As well as the type of cover, another important factor when choosing BI insurance is considering a realistic indemnity period. While the typically recommended period is 12 months, many businesses take far longer to fully recover.
Claims take time to be processed, damaged equipment has to be ordered and delivered, new temporary premises have to be found and leased, and damaged buildings have to be rebuilt. All of these factors can take significantly longer to complete than is expected, during which a business cannot operate, and thus no profits can be generated.
Another factor to be aware of is one hardly any business owners consider carefully enough: winning back customers. Even if a business becomes fully operational within the indemnity period, it may still take a while for turnover to return to normal.  
How Brokers Can Help?
Clients don’t always act in their best interest, especially when they are trying to control expenses. However, as a broker there are a few things you can do to ensure your clients get the cover they need:

  • Educate and get specific – Most clients don’t fully understand the implications of having their business operations halted for an extended period of time. For instance, how would they pay rent, honour contracts with suppliers, or cover staff salaries if their business suddenly shut down? Getting clients to think in concrete terms about the consequences of not having BI can be effective in convincing them to protect their investments.
  • Do a risk assessment – One of the reasons clients who should have BI insurance don’t have it is because they are not fully aware of the risks to their business. Discussing the potential risks in the context of their business operations can go a long way to convincing a client to get the proper cover. This is especially effective if you serve a lot of clients in a particular industry, where you can compare and contrast businesses with BI versus those without.
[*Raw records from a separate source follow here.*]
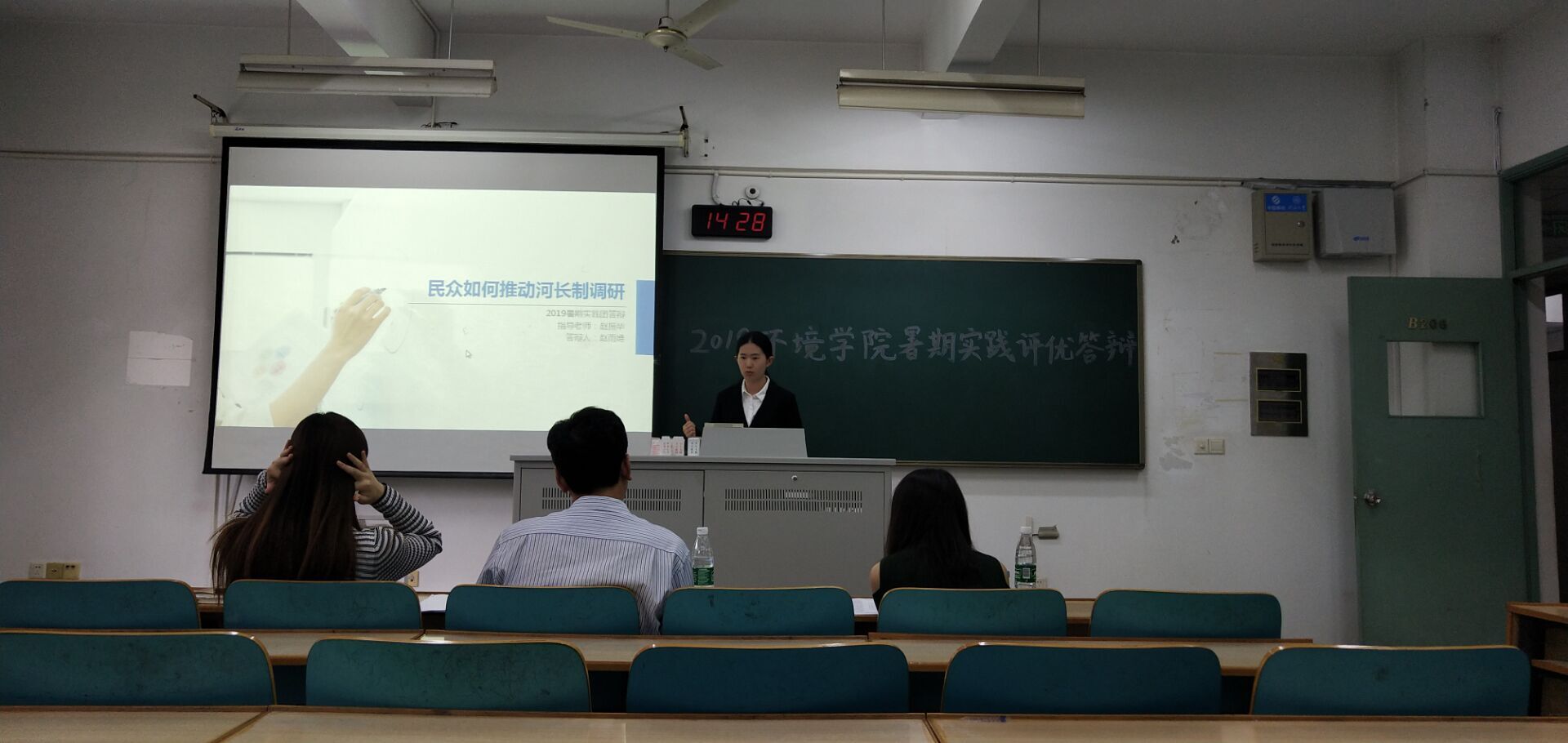 2019年9月3日下午14:00,杏色 2019年暑期实践评优答辩在致高楼b206举行。本次答辩邀请了环境科学与工程博士生导师杨汉培教授、2016级辅导员金意倩老师和2018级辅导员李如斯老师。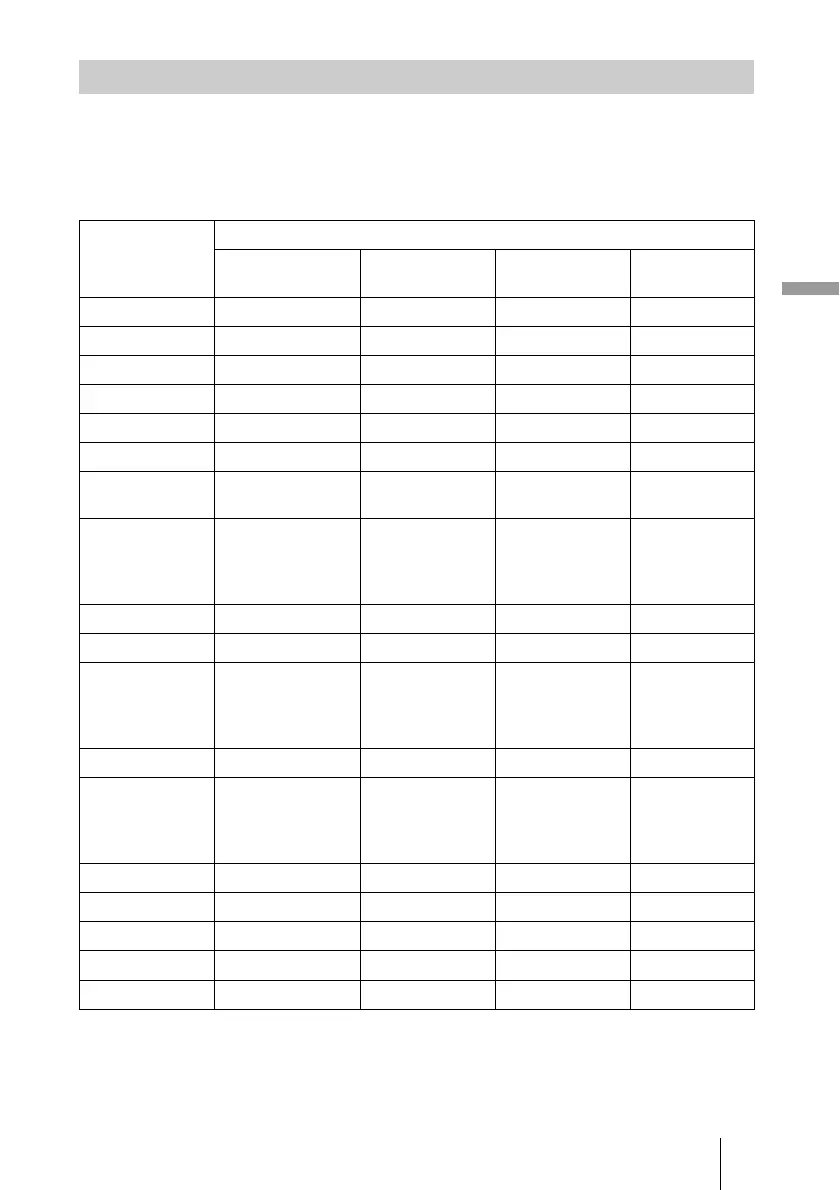 – : Not adjustable/cannot be set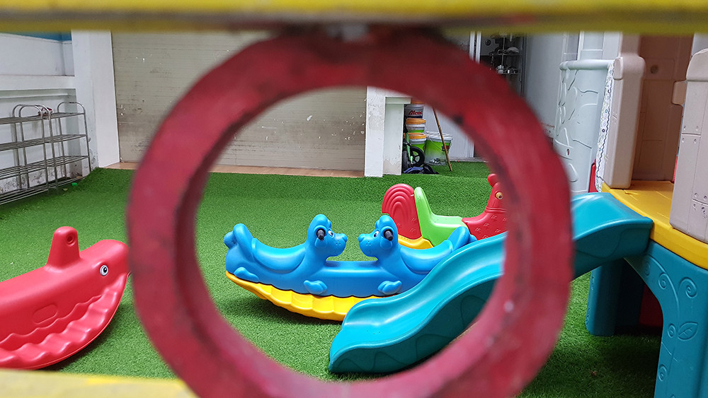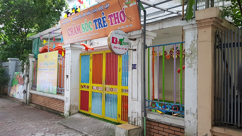 Gần đó, nhiều cư dân chung cư 54 Hạ Đình cũng di tản. Trường mầm non khóa cửa không hoạt động. Ảnh: Hoàng Mạnh Thắng

  • Advise and diagnose – Traditional BI cover is not necessarily right for every kind of business. There are a number of different options, from simplified offerings for smaller businesses to options with very specific features and benefits to suit the type and size of a client’s business. There are also a number of extensions that can be added to a policy to customize it for a client. This requires you as the broker to assess your client’s business and match them with the appropriate cover.
  • Be clear – While this may seem like common sense, it is worth mentioning when it comes to advising clients on BI. It is vital that clients fully understand what is and what is not covered by BI insurance, and this is particularly important when discussing extensions and add-ons to a policy.